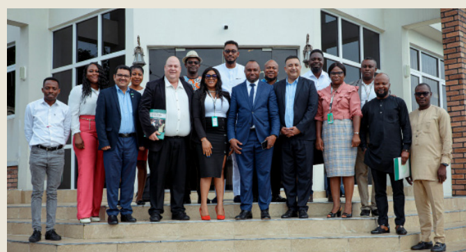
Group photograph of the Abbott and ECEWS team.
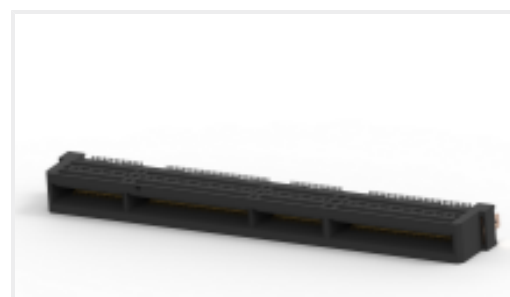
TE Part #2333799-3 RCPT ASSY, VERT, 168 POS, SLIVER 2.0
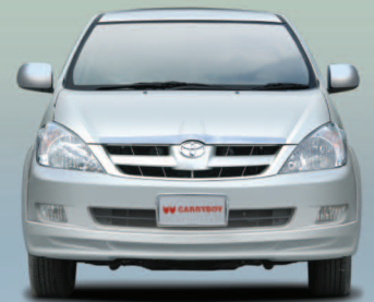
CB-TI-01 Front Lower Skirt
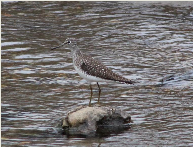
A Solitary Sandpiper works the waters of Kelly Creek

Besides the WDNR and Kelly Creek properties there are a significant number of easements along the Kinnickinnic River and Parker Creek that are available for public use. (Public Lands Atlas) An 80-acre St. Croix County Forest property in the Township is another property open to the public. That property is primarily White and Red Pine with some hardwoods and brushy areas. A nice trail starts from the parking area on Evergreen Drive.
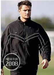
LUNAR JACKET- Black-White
---
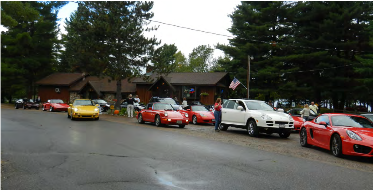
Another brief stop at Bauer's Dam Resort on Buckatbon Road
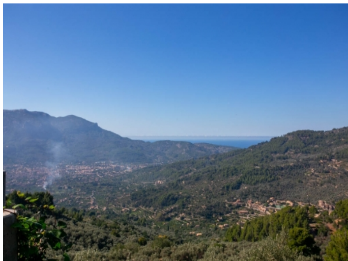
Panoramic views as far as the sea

Task prompt
Going by the entries above, repeat exactly the lines that start at the line with "Besides the WDNR" and go on through the line with "LUNAR JACKET- Black-White". Pictures are not part of the copy.

Task solution
Besides the WDNR and Kelly Creek properties there are a significant number of easements along the Kinnickinnic River and Parker Creek that are available for public use. (Public Lands Atlas) An 80-acre St. Croix County Forest property in the Township is another property open to the public. That property is primarily White and Red Pine with some hardwoods and brushy areas. A nice trail starts from the parking area on Evergreen Drive.
LUNAR JACKET- Black-White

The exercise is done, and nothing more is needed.